=== Begin Enclosure ===

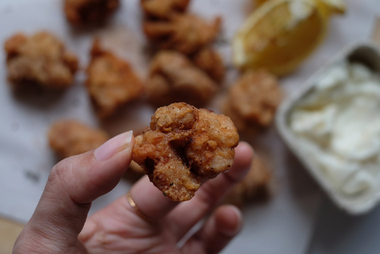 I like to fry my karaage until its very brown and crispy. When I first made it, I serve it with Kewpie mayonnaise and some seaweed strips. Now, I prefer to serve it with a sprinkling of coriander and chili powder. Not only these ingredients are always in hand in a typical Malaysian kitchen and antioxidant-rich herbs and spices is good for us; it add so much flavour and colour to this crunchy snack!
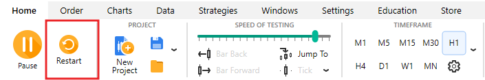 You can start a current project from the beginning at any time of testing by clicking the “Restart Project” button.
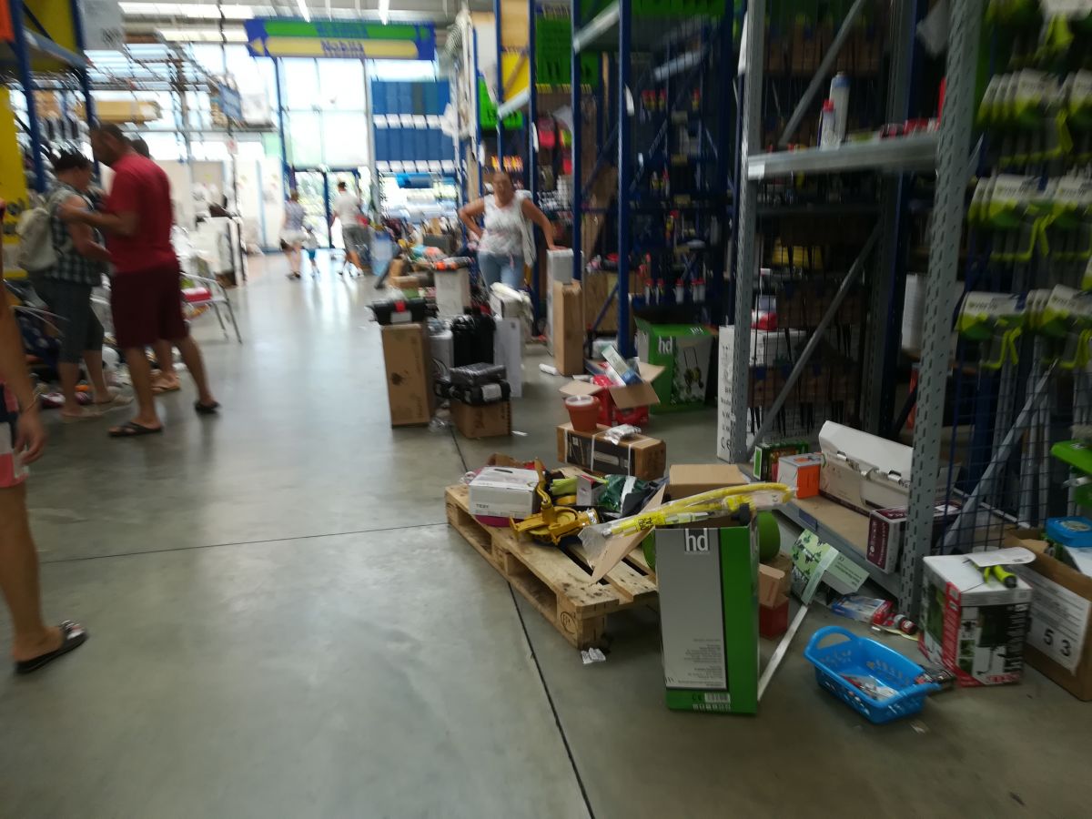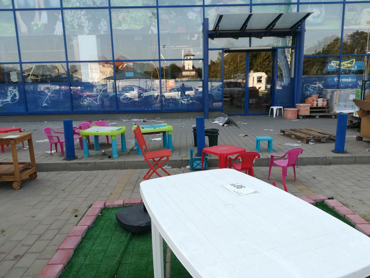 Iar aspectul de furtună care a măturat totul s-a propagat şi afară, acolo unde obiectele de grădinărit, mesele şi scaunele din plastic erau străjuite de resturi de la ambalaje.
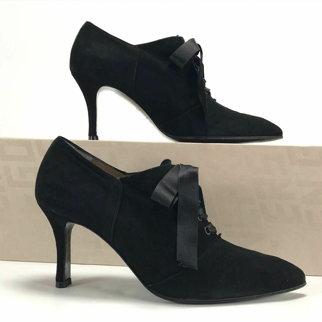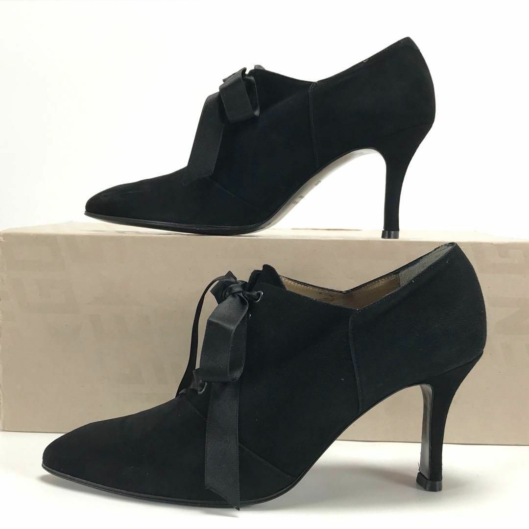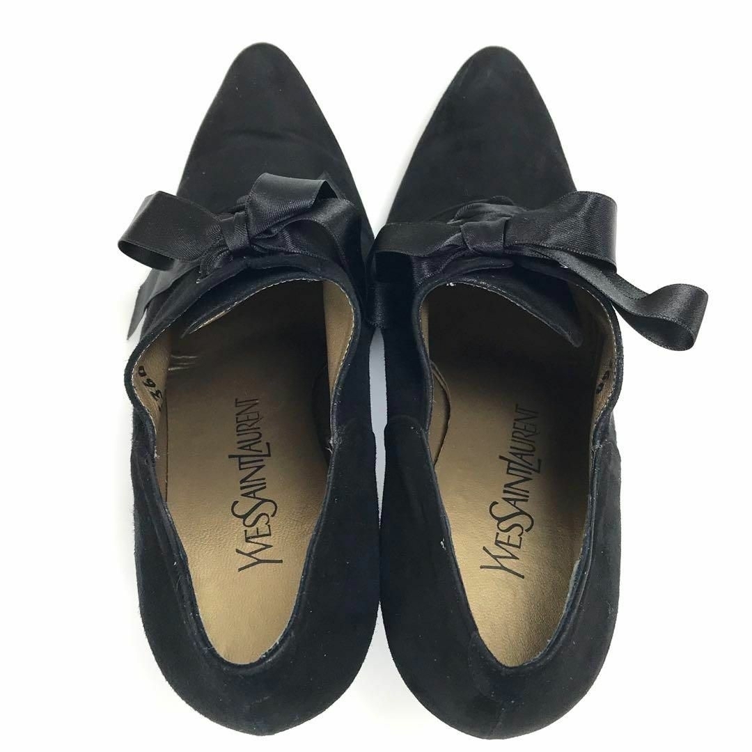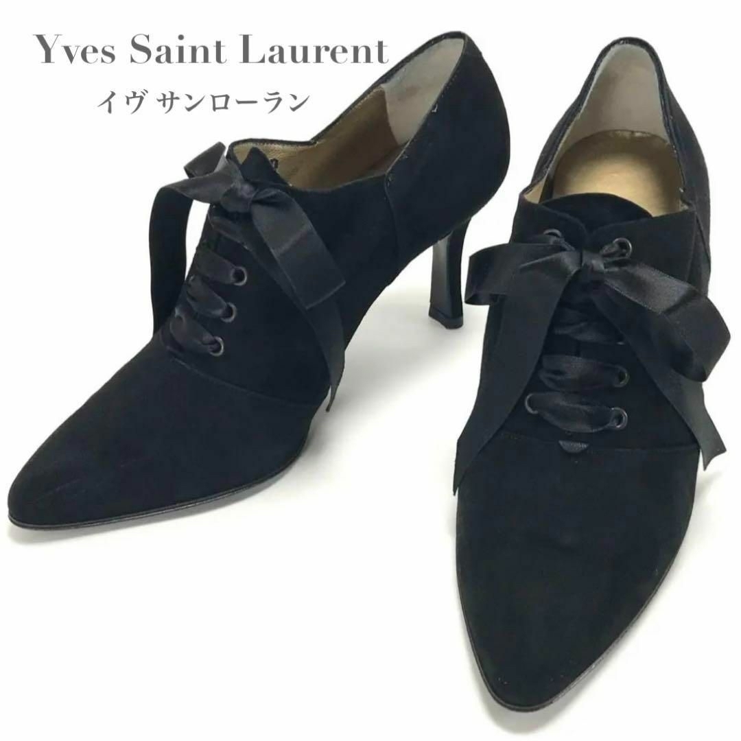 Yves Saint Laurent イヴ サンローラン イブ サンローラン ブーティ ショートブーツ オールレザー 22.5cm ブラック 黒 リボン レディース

=== End Enclosure ===
=== Begin Enclosure ===

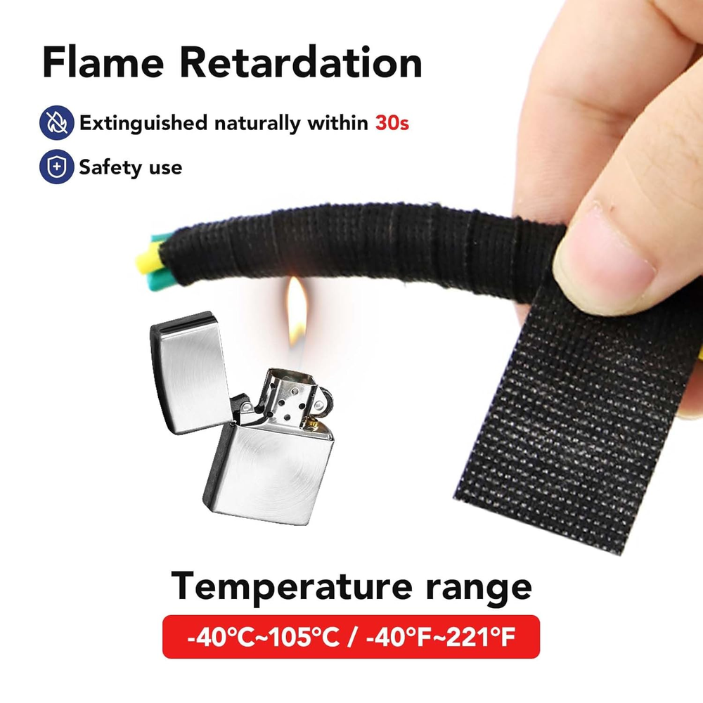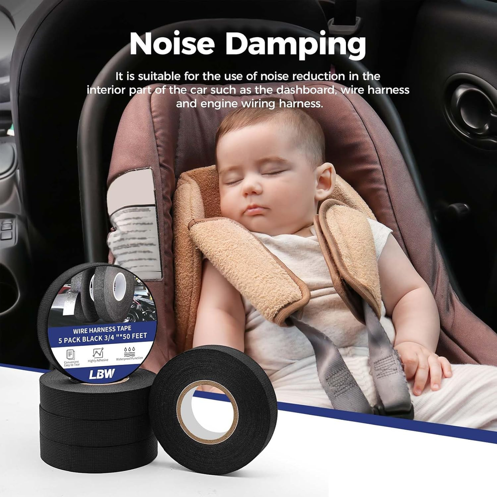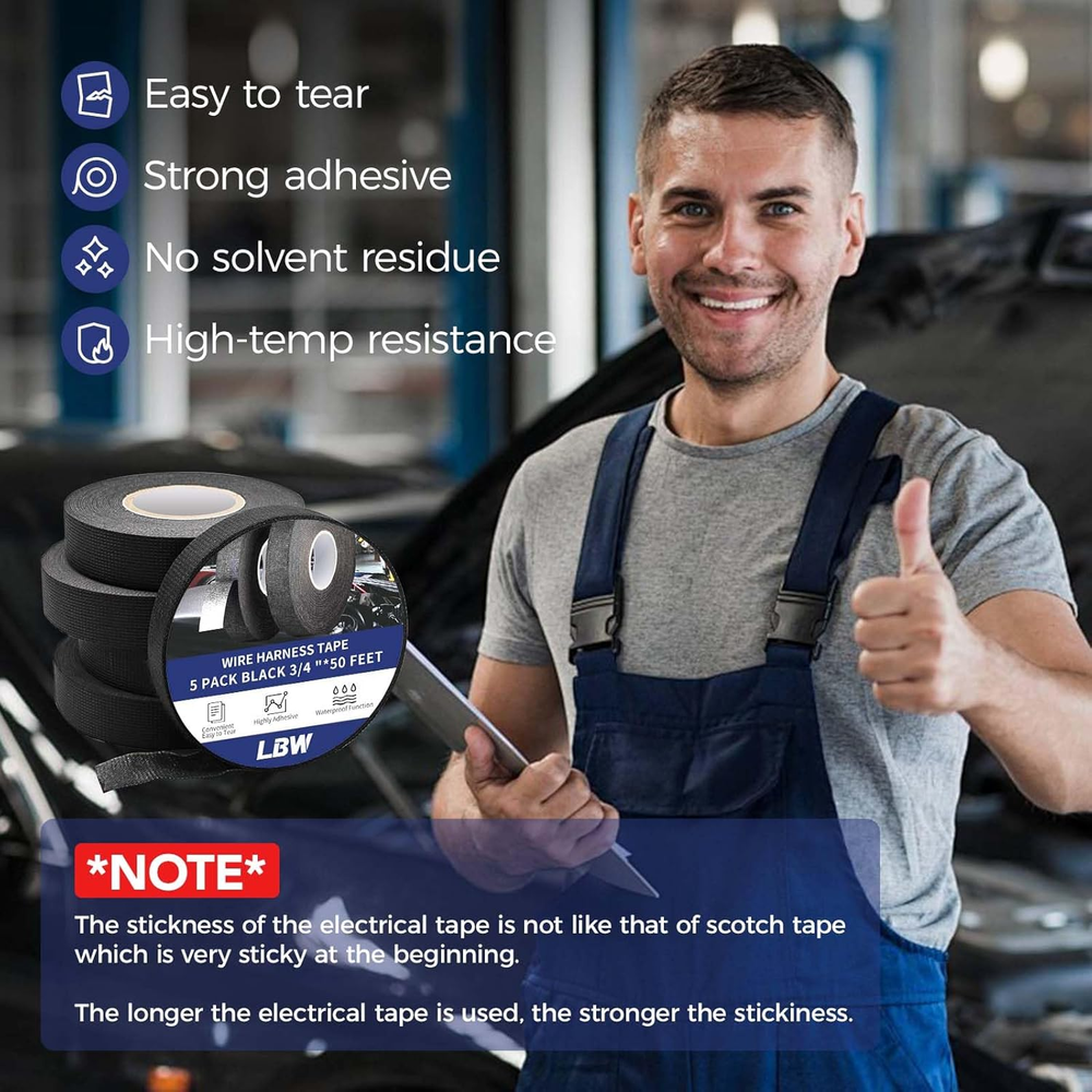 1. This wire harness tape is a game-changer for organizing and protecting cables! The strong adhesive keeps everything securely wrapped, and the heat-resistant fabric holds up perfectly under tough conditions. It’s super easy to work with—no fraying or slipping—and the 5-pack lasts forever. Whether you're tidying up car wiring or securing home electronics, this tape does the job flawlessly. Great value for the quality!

=== End Enclosure ===

Working from the entries above, please transcribe only the lines from the line with "Iar aspectul de" through the line with "Yves Saint Laurent", exactly, with both end lines and without pictures.

Task result:
 Iar aspectul de furtună care a măturat totul s-a propagat şi afară, acolo unde obiectele de grădinărit, mesele şi scaunele din plastic erau străjuite de resturi de la ambalaje.
 Yves Saint Laurent イヴ サンローラン イブ サンローラン ブーティ ショートブーツ オールレザー 22.5cm ブラック 黒 リボン レディース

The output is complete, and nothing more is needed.